I am so sick of Clint I could spit...literally....I did not see it Sunday but will watch it tonight...I can only pray he is GONE


----------



## Makeup Emporium (Apr 27, 2009)

Quote:

   Originally Posted by *TISH1127* 

 
_I am so sick of Clint I could spit...litarally....I did not see it Sunday but will watch it tonight...I can only pray he is GONE_

 
I'm with you on that one!


----------



## MzzRach (Apr 27, 2009)

I'll wait for y'all to watch the latest episode before commenting.


----------



## Vixxan (Apr 27, 2009)

I used to think that Clint was so cute but now... what a jerk.  You know i'm hoping that he really makes Jesse mad then Jesse could (use your imagination here).But that's ok because I always did love Jesse more, lol.


----------



## Pizzicata (Apr 27, 2009)

*slight spolier warning!!!*

Yes!  I'm loving it.  Its amazing how they drag it out over two hours.  One hour of show, one of commercials.  I'm thankful for my dvr.  I thought Joan Rivers was funny this season and I thought she and her daughter contributed just fine throughout.  But they lost the plot last night (4/26 ep).  I think that it is a consequence of it being them against the world for so long.  I am on team Annie, even though I definitely see her flaws, she isn't the monster that the Riverses depict her as.  Also, I 
	

	
	
		
		

		
		
	


	




 poker players, my man is one.


Oh, and Brande: "forgew" for teh win!


----------



## Pizzicata (Apr 27, 2009)

Quote:

   Originally Posted by *TISH1127* 

 
_heck yeah....Joan Rivers makes me roll!!! Although she is a pain...*She used to be one of my biggest clients so I have to watch for the humor value*_

 
 Thats interesting, are you allowed to tell us more?


----------



## TISH1124 (Apr 27, 2009)

^Sure, I was the Account Mgr for JRW Worldwide...we made all her hand lotions, tanning lotions, foot creams and lip products.....They still do...I just don't work there anymore...My dh and I have our own business..I worked there for many many years...and that was my account for about 6 years


----------



## Pizzicata (Apr 27, 2009)

Quote:

   Originally Posted by *TISH1127* 

 
_^Sure, I was the Account Mgr for JRW Worldwide...we made all her hand lotions, tanning lotions, foot creams and lip products.....They still do...I just don't work there anymore...My dh and I have our own business..I worked there for many many years...and that was my account for about 6 years_

 
Oh that is cool.  I know she has a brand empire, I didn't know it included skin care.  She has an interesting duality, she appeals to the home shopping crowd, but is also evidently a gay icon with a pretty blue comedy routine.


----------



## Makeup Emporium (Apr 28, 2009)

***Spoiler alert***TISH don't read this if you haven't watched it yet!!

OK, I have now watched Sunday's episode and it was not at all what I expected.

Jesse, who I usually love, was being a big baby about everything.
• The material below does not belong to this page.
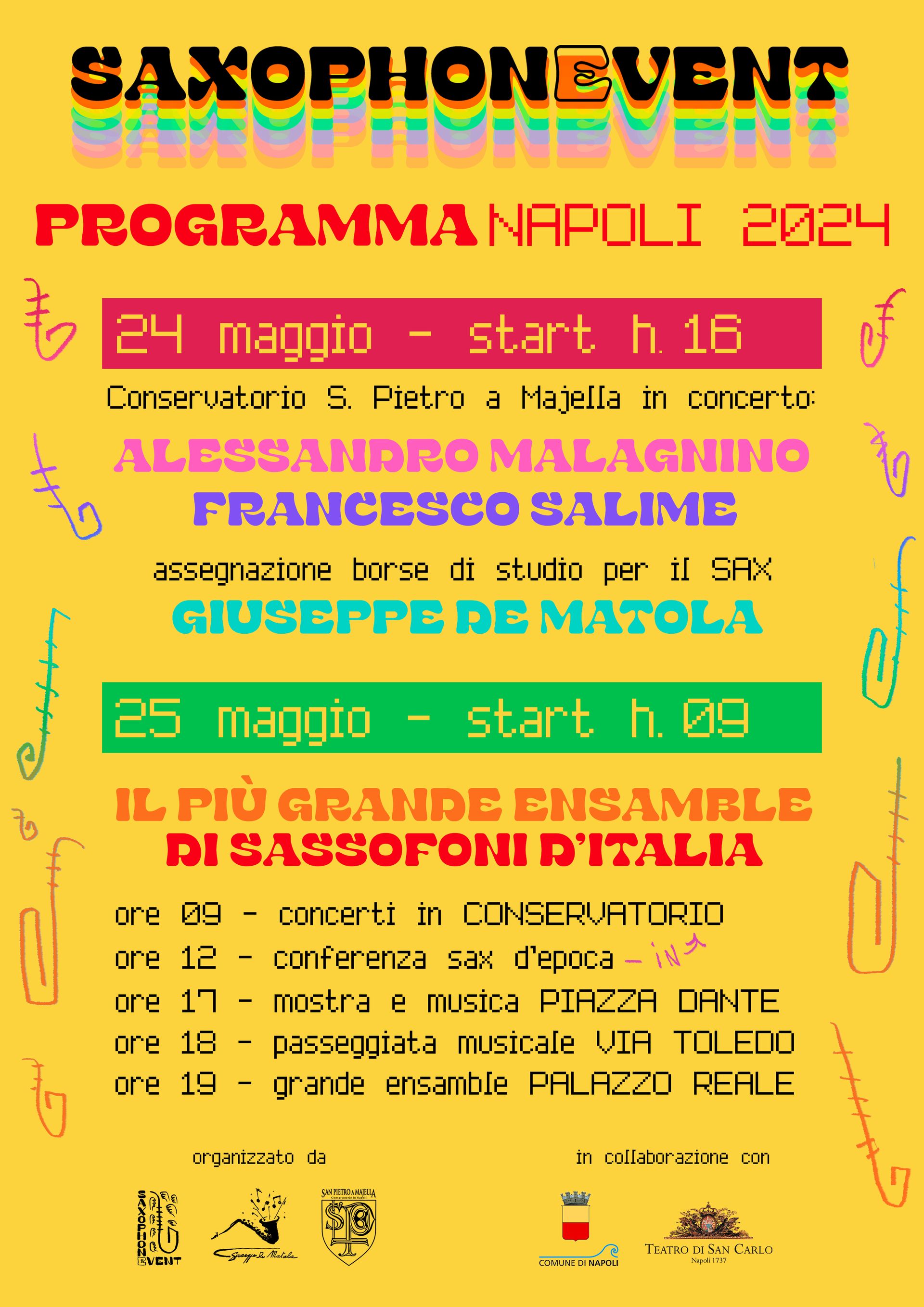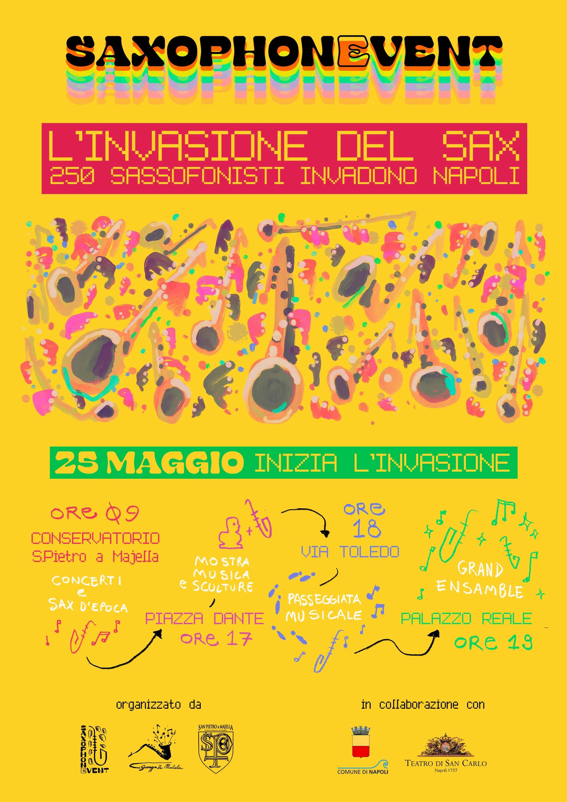 Venerdì 24 e sabato 25 maggio Napoli si prepara a vivere un’esperienza musicale unica: oltre 250 sassofonisti, giunti da ogni angolo d'Italia e del mondo, si riuniranno al Conservatorio di Musica San Pietro a Majella, per realizzare il più grande ensamble di sassofoni d’Italia.

I mean for most of it all he did was say negative things and sulk. 

Clint, who I normally despise, was actually being quite reasonable and level headed. Surprise...surprise. 

Melissa used some of the most disgusting and foul language that I have ever heard on the show. It just made her look petty and pathetic IMO.

Joan who I have liked also got out of hand. I mean seriously cut the cord with Melissa already...she's over 40!!

I felt sorry for Brandi as it looked at some points like she was about to cry. I don't think she is used to all the meaness and name calling! Poor thing.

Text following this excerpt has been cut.